I am sorry that the hon. Gentleman seems to be talking down the UK defence industry. He talks about radars in the Isle of Wight, which are some of the best radars in the world, but what are we doing? We are not giving long-term commitments to those capabilities. We are buying off the shelf from the United States and other nations. We are not just talking about buying British; it is about co-operation with our allies as well. The problem is that if we take a short-termist view, which is what has happened over the past 14 years, we do not get the commitments and the flow through of orders, nor the R&D, investment and certainty, that people on the Isle of Wight need.

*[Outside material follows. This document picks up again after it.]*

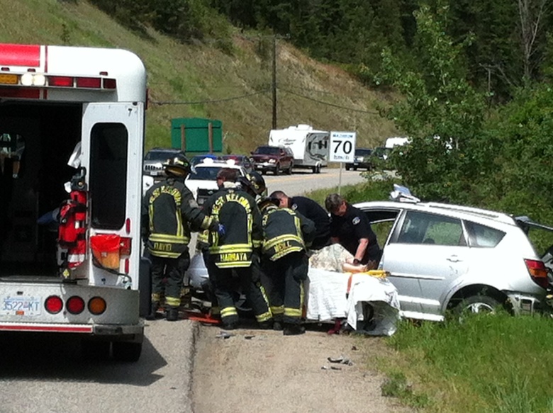 A woman was taken to hospital following a three car crash on Westside Road, about 400m from the Highway 97 interchange in West Kelowna.
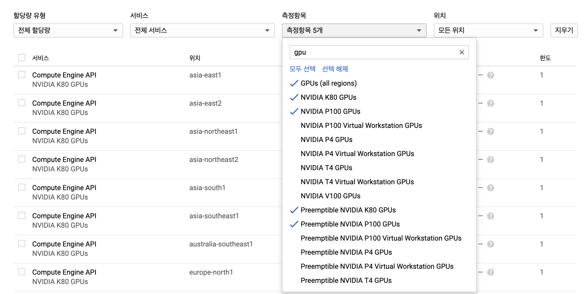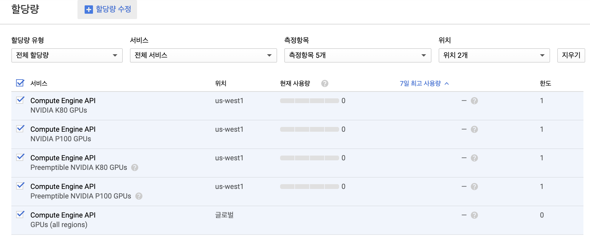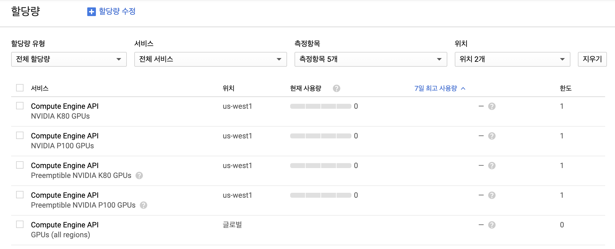 그 외의 GPU모델들은 기본 할당량이 1입니다. 즉, 1개까지는 할당량 신청 없이도 사용이 가능합니다.

The Secretary of State said that the UK is now on a war footing following this announcement. Why, then, did it take the Government nearly two years to procure the order for 155 mm munitions? That is not a war footing; that is a slow snail’s pace of procurement. We need to ensure that we get not only the finance and the increase in the defence budget, but that rapid throughput of work. That cannot be done just by placing one order this week and then leaving it for several years, thinking that somehow the defence contractors will still be there with their skills.
We need a thorough defence policy. One thing that has been missing in the last 14 years is a coherent defence industrial strategy. Even when the Government do come up with a strategy, such as the shipbuilding strategy, what do they do? The main argument for that strategy was that we needed to have a throughput of work at UK yards, so what did the Government do? They made an order where most of the work will be done in Spain. No other European nation would do that.
As has been said, this is a very worrying time, and I agree totally with my hon. Friend the Member for Halton that we need to make the case for defence. I have been doing that for 23 years in this House, as have others across the House. We need to make that case to show that the democracy that we take for granted is delicate and needs to be protected. We can protect it only if we invest in the capability to do so, because there are those, even beyond the immediate threat we see from Russia, who would happily see the precious democracy that we cherish snubbed out, not through argument and debate, but through violence and war.